4. Extensible Messaging and presence protocol(XMPP)/Jabber

As the name suggests, XMPP protocol applies to long distance messaging due its scalability and it involves human presence or human intervention. XMPP originates from XML, extensible markup language and XML originates from HTML, a protocol used to create web pages. Both are markup languages.

XMPP has a broad range of uses that can inter communicate with each other due to its extensibility. It uses the standard internet communication protocol(ICP) and this makes it universally communicable and it also communicates through HTTP. XMPP was created a long time ago and further extensions in its development make it more accessible.

XMPP networks contain gateways to connect to other protocols.

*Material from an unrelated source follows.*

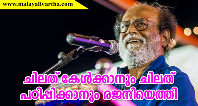 പുകവലിയും മദ്യപാനവും ഉപേക്ഷിക്കണമെന്ന് രജനി ആരാധകരോട് ആവശ്യപ്പെട്ടു. രാഷ്ട്രീയ പ്രവേശന സാധ്യതയും രജനി തള്ളിക്കളഞ്ഞില്ല. ആരാധകരെ രാഷ്ട്രീയക്കാര് ചൂഷണം ചെയ്യുന്നു. ഏത് നിയോഗവും താന് സത്യസന്ധമായി നിറവേറ്റും. നാളെ എന്താകുമെന്ന് ദൈവം തീരുമാനിക്കുമെന്ന് രജനി പറഞ്ഞു.

It is designed in such a way that it supports instant message transfer through TCP link. This is highly useful in the internet of things technology.

Features of XMPP

• Extensible design
• Open standards
• Client/server architecture

Pros of XMPP

• Labelling scheme to locate devices on the entire network easily

Cons of XMPP

• End to end encryption not possible
• Quality of service not available

XMPP Use Cases

• Smartphones can access a smart thermostat via the internet
• A gaming console that allows gamers to message other gamers instantly

5. Constrained Application Protocol (CoAP)

This is yet another important communication protocol in IoT. IoT devices are built in a way to operate in constrained devices or nodes and networks. CoAP runs on UDP and is therefore a connectionless protocol. It is a restful, efficient protocol and it has a header of 4 bytes. It has a lightweight protocol.

The CoAP follows the request/response protocol which is similar to HTTP, every request must generate a certain response. Similar to HTTP, the CoAP supports GET, POST, and PUT methods. Unlike HTTP, CoAP handles these methods asynchronously with UDP. The CoAP is built in a way which makes HTTP interface easy and at the same it is easily compatible with constrained nodes and networks.

CoAP supports 4 types of messages: confirmable, non-confirmable, acknowledgement and rest. Confirmable and non-confirmable messages transfer the request and response.

Features of CoAP

• Low power consumption
• Ideal for constrained devices

Pros of CoAP

• Uses DLTS for security
• Quick device communication
• Packet sizes are small

Cons of CoAP

• Since it is a one to one protocol there is no broadcasting option
• Can be unreliable

CoAP Use Cases

Smart homes, smart cities, smart grids etc

Summary

In this article, we made an effort to understand the most common communication or messaging protocols in the internet of things
We further discussed MQTTP, AMQP, DDS, AMPP and CoAP.